The compatibility issues are complicated, albeit typical for DVD-RAM. The SD-W2002 can read just about every type of optical media, including DVD-ROM, CD-R, CD-RW, and DVD video discs. And it can read and write to the older 2.6GB and 5.2GB DVD-RAM discs as well. Unfortunately, DVD-RAM discs cannot be played in most other optical drives. Both single- and double-sided discs can be read on other DVD-RAM drives but not on the older drives that write to smaller-capacity DVD-RAM discs. Also, some fourth-generation and newer DVD-ROM drives (most drives sold after mid-1999) can read the 4.7GB discs but not the 9.4GB double-sided discs. This means that sharing these discs could be difficult; thus, DVD-RAM's better suited for personal backup than for porting files from place to place.
Installing the SD-W2002 is simple, especially if you've had some experience inside your PC. The installation guide walks you through the steps in some detail, but inexperienced users may need additional help. It took about two minutes to install the drive in a Windows 98 system (once the cover was off). Setup requires no driver software; once you install the drive, attach the EIDE, power, and audio cables, and power up, Windows automatically recognizes the drive and assigns a drive letter.

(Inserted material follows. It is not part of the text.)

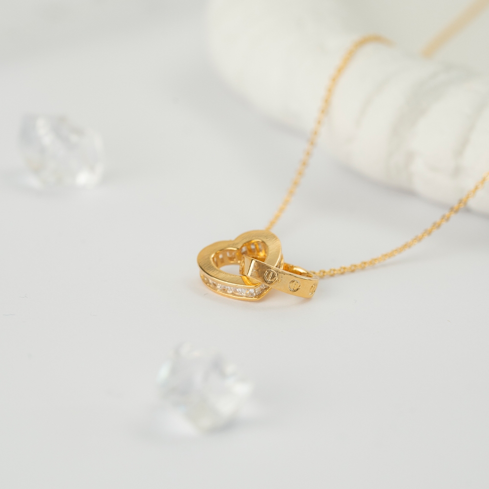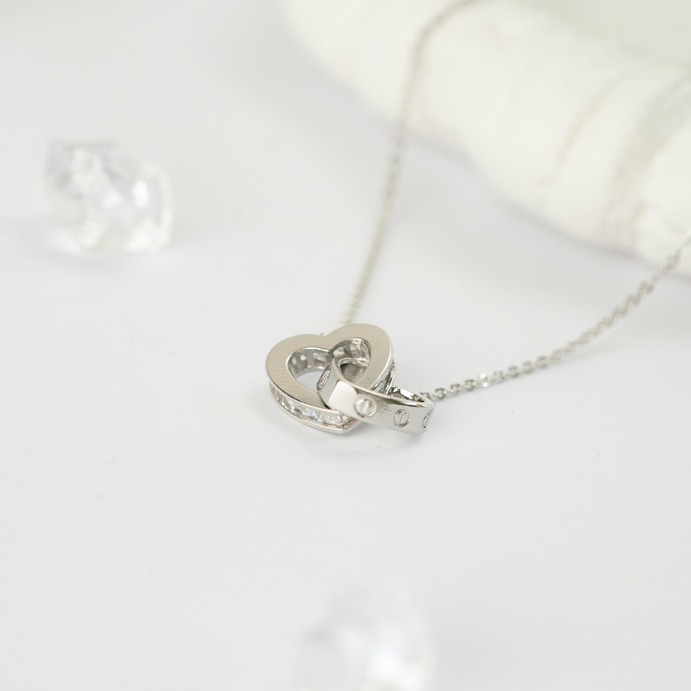 Cazzy สร้อยคอหัวใจคล้อง แฟชั่นประดับเพชรCZ ยอดฮิต เรียบหรู สำหรับผู้หญิง

The installation guide briefly covers the included software, which you can use to format discs, back up your system, or watch DVD movies. If DVD-RAM discs are not preformatted, you can quickly and easily format them with the UDF file system using the included VOB InstaWrite software utility. The drive kit also contains VOB InstantBackup and CyberLink PowerDVD software. PowerDVD is a software MPEG-2 decoder that allows you to play DVD movies on the PC without additional hardware. On our 733MHz system, the image quality was smooth but not very crisp--not up to the level that you'd get from a hardware decoder card.
Read and write performance outpaced those of the other non-SCSI DVD-RAM drives we've reviewed. In CNET Labs' tests, the SD-W2002's write performance was in line with the LaCie DVD-RAM External IEEE 1394 FireWire drive's, whereas its read performance was twice as fast. But it still couldn't beat SCSI; the Panasonic LF-D201U drive's write performance was twice as fast as the SD-W2002's, but it posted slower read scores.

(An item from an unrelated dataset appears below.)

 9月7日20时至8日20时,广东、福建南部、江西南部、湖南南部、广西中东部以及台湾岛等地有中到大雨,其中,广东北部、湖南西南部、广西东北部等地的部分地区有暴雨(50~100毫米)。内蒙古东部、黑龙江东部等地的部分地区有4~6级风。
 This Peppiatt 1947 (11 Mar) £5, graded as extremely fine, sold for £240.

The SD-W2002 has a standard one-year warranty that covers repair or replacement of the drive, if necessary. Tech support for Toshiba's storage division is available by e-mail or phone. Phone support hours are Monday to Friday, 8 a.m. to 5 p.m. PT; unfortunately, the call's on your dime. Toshiba offers little support for this drive on its Web site: just a few troubleshooting tips, FAQs, and technical papers.
If the shoe fits
The Toshiba SD-W2002's price lies beyond what the average consumer might expect to pay for extra storage. But considering its speed and the affordability of the media, it's a good solution for professionals who need to back up or archive large amounts of data regularly. Those of us with less data will be satisfied with the 650MB per disc offered by CD-R/RW drives.
Time, in minutes, to complete tasks (shorter bars indicate better performance)
The EIDE-connected Toshiba was no match for the SCSI-connected Panasonic LF-D201U drive when it came to writing tasks, but it was quicker reading from CD-ROM.